Make sure you fill in any place that says `YOUR CODE HERE` or "YOUR ANSWER HERE", as well as your name and collaborators below:

In [None]:
NAME = "Steven Tey"
COLLABORATORS = ""

---

# CS110 Pre-class Work 7.1

## Part A. Median Heap (watch this [video explanation](https://www.youtube.com/watch?v=756_8C9YBZQ&list=PLF_a-qBXTGFektoI6JUOTRL36JlvD04BR&index=5&t=0s) or read this [description](https://stackoverflow.com/a/15319593/7946759))

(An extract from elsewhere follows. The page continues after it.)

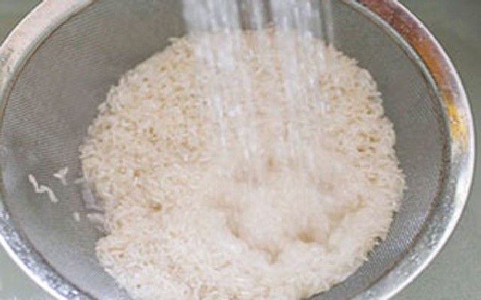 - Spoel de rijst af met koud water. Sorteer de noten van het puin en droog ze 10 minuten in een pan zonder olie.
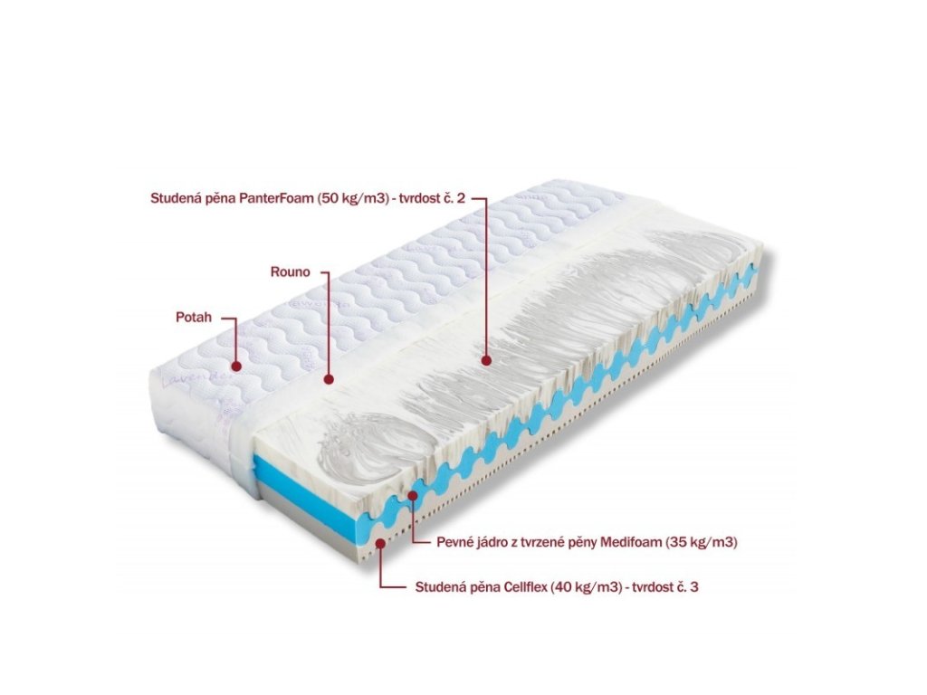 Vrchní, poddajnější stranu matrace tvoří značková pěna PanterFoam (50 kg/m³), známá svou vysokou hustotou, pružností a dlouhou životností. Poskytuje měkký a přitom stabilní povrch pro klidný spánek bez přetěžování těla.

Throughout this pre-class work, please use the following definition of median: the median of a list of numbers is the one in the middle of the list when the list is ordered. When such the middle element can’t be determined (i.e., in a list of even length), the average of the two middle elements is the median. For example, 5 is the median of [-1,2,4,5,8,10,12], and (5+7)/2=6 is the median of [1,2,3,5,7,8,10,11].

Using the idea from Lesson 3.2, we can use a pair of heaps to create a data structure which allows fast access to the median. Use the heapq module in python to create both a max-heap and a min-heap. Note that by default, the heapq module in python only creates min-heaps, but if we multiply elements by -1 when we store them, then we can also create max-heaps.


## Question 1.
Write a function `add_to_median_heap(minh, maxh, elem)`. It must accept a min heap, a max heap, and an element to add.


In [125]:
import heapq

def add_to_median_heap(minh, maxh, elem):
    
    # Base case for maxh
    if len(maxh) == 0:
        maxh.append(elem)
    
    # When there is no imbalance in the length of the maxh and the minh
    elif abs(len(maxh) - len(minh)) == 0:       
        if elem <= minh[0]:
            maxh.append(elem)
            heapq._heapify_max(maxh)
        else:
            minh.append(elem)
            heapq.heapify(minh)
    
    # When the maxh has one extra element than the minh
    elif len(maxh) - len(minh) == 1:
        # Base case for minh
        if len(minh) == 0:
            if elem > maxh[0]:
                minh.append(elem)
                heapq.heapify(minh)
            else:
                minh.append(heapq.heappushpop(maxh, elem))
                heapq._heapify_max(maxh)
                heapq.heapify(minh) 
        elif elem <= minh[0]:
            minh.append(heapq.heappushpop(maxh, elem))
            heapq._heapify_max(maxh)
            heapq.heapify(minh)
        else:
            minh.append(elem)
            heapq.heapify(minh)
    
    # When the minh has one more element than the maxh
    elif len(minh) - len(maxh) == 1:
        if elem <= minh[0]:
            maxh.append(elem)
            heapq._heapify_max(maxh)
        else:
            maxh.append(heapq.heappushpop(minh, elem))
            heapq._heapify_max(minh)
            heapq.heapify(maxh)

    return (minh, maxh)

## Question 2
Write a function `median(minh, maxh)`. It must return the median element.


In [126]:
def median(minh, maxh):
    if len(maxh) > len(minh):
        return(maxh[0])
    elif len(minh) > len(maxh):
        return(minh[0])
    else:
        return((maxh[0] + minh[0])/2)

In [68]:
# Please ignore this cell. This cell is for us to implement the tests 
# to see if your code works properly. 

## Question 3.

Uncomment and run the testing code given below to test your functions. It should print out numbers ranging from 1 to 50, in that order.

In [129]:
minh = []
maxh = []
for a in range(1,100,2):
    add_to_median_heap(minh, maxh, a)
    print("%.0f" % median(minh, maxh))  

1
2
3
4
5
6
7
8
9
10
11
12
13
14
15
16
17
18
19
20
21
22
23
24
25
26
27
28
29
30
31
32
33
34
35
36
37
38
39
40
41
42
43
44
45
46
47
48
49
50


## Question 4.
What’s the worst case complexity to build a median heap using `add_to_median_heap`?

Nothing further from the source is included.